Typically, the agency that takes this type of action is called a gaming commission. Gaming commissioners are usually appointed by a state’s governor and confirmed by the state legislature. Gaming commission appointments should be part-time positions. Usually there are five members to such a body, but I have seen as few as three and as many as seven.

It also would be advisable to require a balance in selecting commissioners. Some states require a balance between political parties, thereby requiring a governor to appoint someone from an opposing party, which is a good way to provide checks and balances to the overall gaming regulatory framework. I have also seen jurisdictions that require balancing the commission with members from different regions of a state. It also may be wise to require that commissioners represent different professions (e.g., law, accounting, banking/finance, law enforcement).

As for the full-time staff, what is most often seen, and which has been shown to be quite workable and effective, is for there to be one full-time executive director with overall responsibility for the staff. Typically, this is a position hired by the part-time gaming commission. If that agency is balanced as referenced above, it provides another layer to de-politicize the position and achieve another check and balance.

The executive director then typically would have the authority to hire a deputy director, or deputy directors, to assist with the administrative function, as well as directors who would head the investigative, enforcement and audit functions of the agency.

Some state statutes provide that the state’s existing law enforcement department do the background investigations and/or serve in an enforcement role. Even if this is the case, however, in terms of the protocol for licensing/disciplinary settings, it works the same as if the function is served in house. That is to say, the agents do the investigation and write up a report that ultimately goes to the executive director, who then makes a recommendation to the gaming commission, which then makes the decision.

Another way to assure that there are adequate checks and balances is to have the role of legal counsel to the agency be served by the state’s attorney general’s office, as opposed to allowing the executive director to hire counsel directly. This means that the attorney general’s office selects the counsel, which provides another level of regulatory transparency and compliance.

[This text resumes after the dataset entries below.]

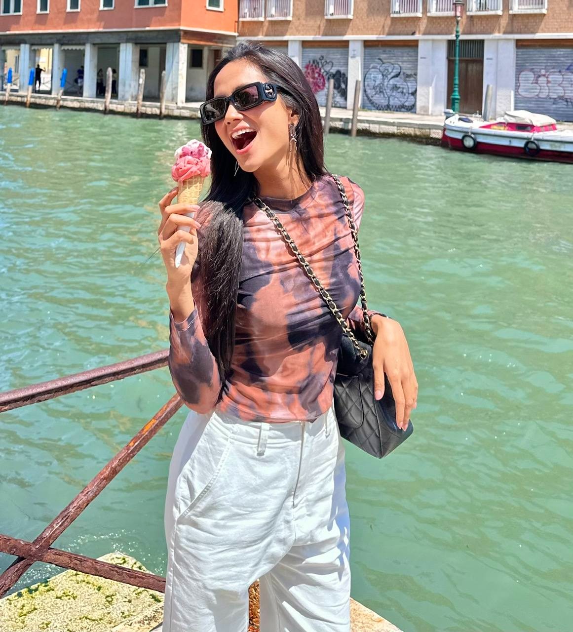 Mới đây, hoa hậu đăng tải khoe khoảnh khắc "vi vu" ở nước ngoài. Trong bức hình, chân dài gây chú ý với chiếc cằm nhọn hoắt nghi phẫu thuật thẩm mỹ.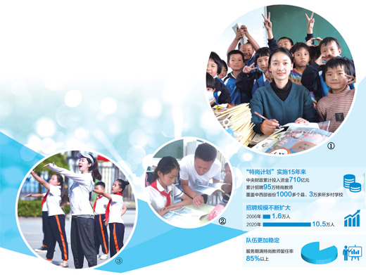 農村義務教育階段學校教師特設崗位計劃(簡稱“特崗計劃”)始于2006年,每年公開招考選聘數萬名高校畢業生到中西部貧困縣農村學校任教。[詳細] -
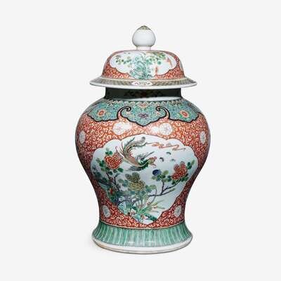 A large Chinese famille verte baluster jar with cover 19th century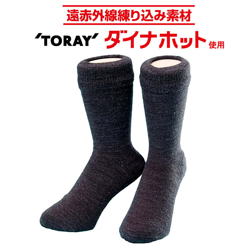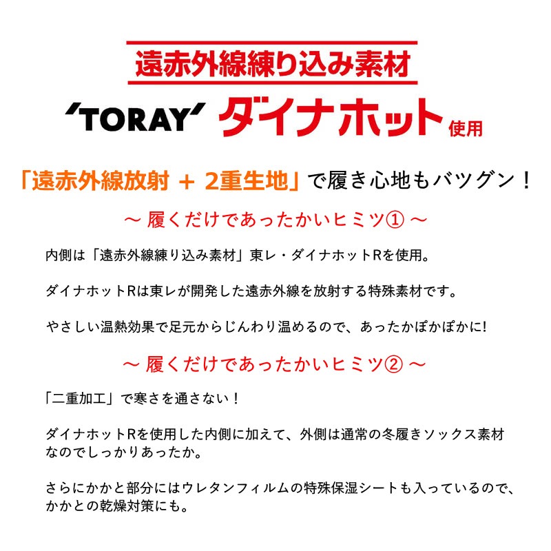 ◎内容:創業50年以上の老舗靴下メーカー開発のやみつき防寒ソックスです。ダイナホットRは東レが開発した遠赤外線を放射する特殊素材で、微弱なエネルギーを時間をかけて身体に与えていきます。やさしい温熱と二重加工により足元からじんわり温めるので、あったかぽかぽかに!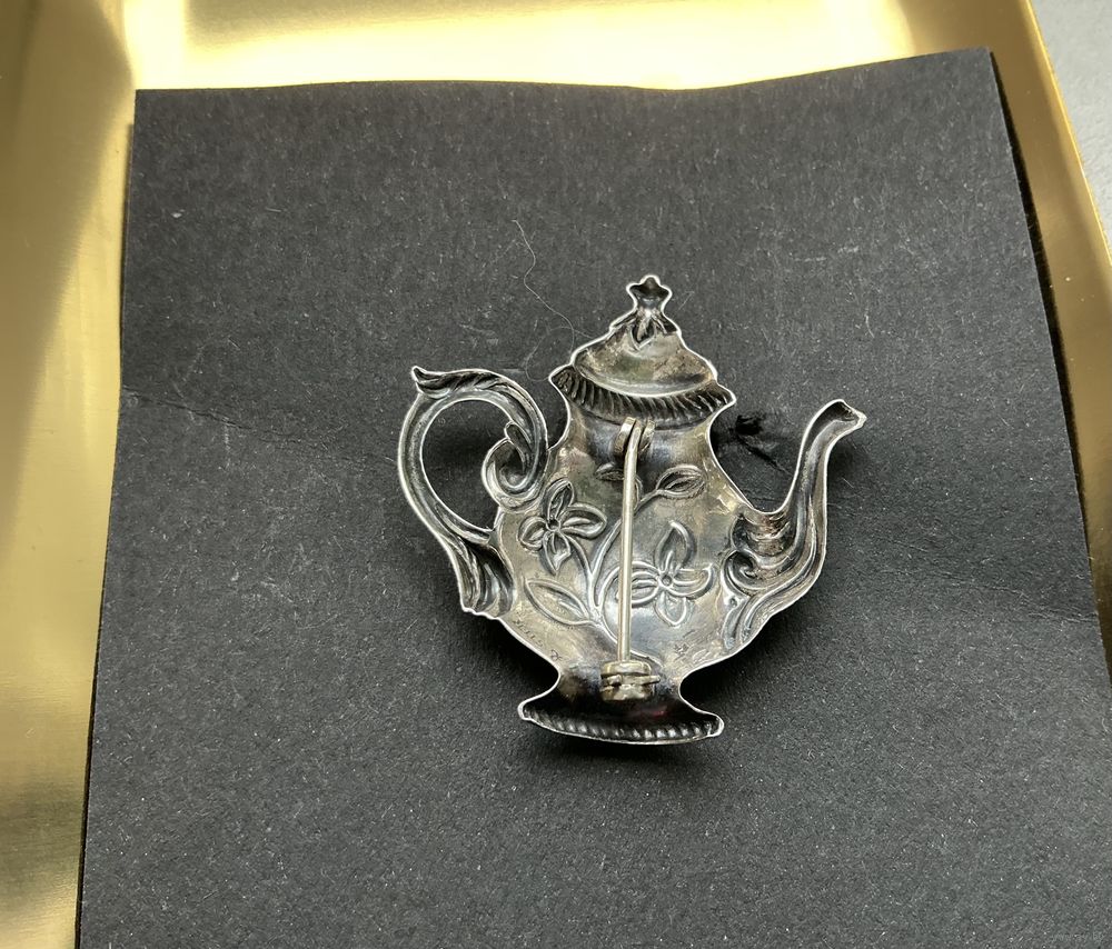 Красивая оригинальная брошь Чайник , клеймо sterling , 4,5 см х 4 см

One issue that can get overlooked when gaming is legalized is providing for a gaming laboratory to check and verify that the software in the slot machines, gaming systems and other associated equipment works properly. One solution is for the agency to create its own gaming lab and perform this function in house. However, this has not worked very well for newer jurisdictions in that it has proved difficult to attract and retain qualified personnel.

As such, most of the newer jurisdictions have farmed out this function to third-party laboratories. The cost of this function is then passed along in total to the gaming licensees. In some instances, jurisdictions have required these labs to be licensed; in other instances, a confidential contract has sufficed. Some jurisdictions will designate a specific position to fulfill software administrative, monitoring, and compliance efforts, with that individual interfacing with the third-party lab(s).

Another reason for having the aforementioned checks and balances in a regulatory structure is that this type of structure is fairly standard for the industry. This provides comfort to other gaming regulators and to the industry as a whole that it would be acceptable for an established gaming company to do business in the new jurisdiction.

In addition, Nevada and Mississippi have what are called “foreign gaming” requirements, with “foreign” being defined as any jurisdiction other than their state. These requirements essentially require a Nevada or Mississippi licensee to conduct business in other gaming jurisdiction at the same level and with the same operating standard as Nevada or Mississippi. There are ongoing reporting and monitoring requirements in this regard.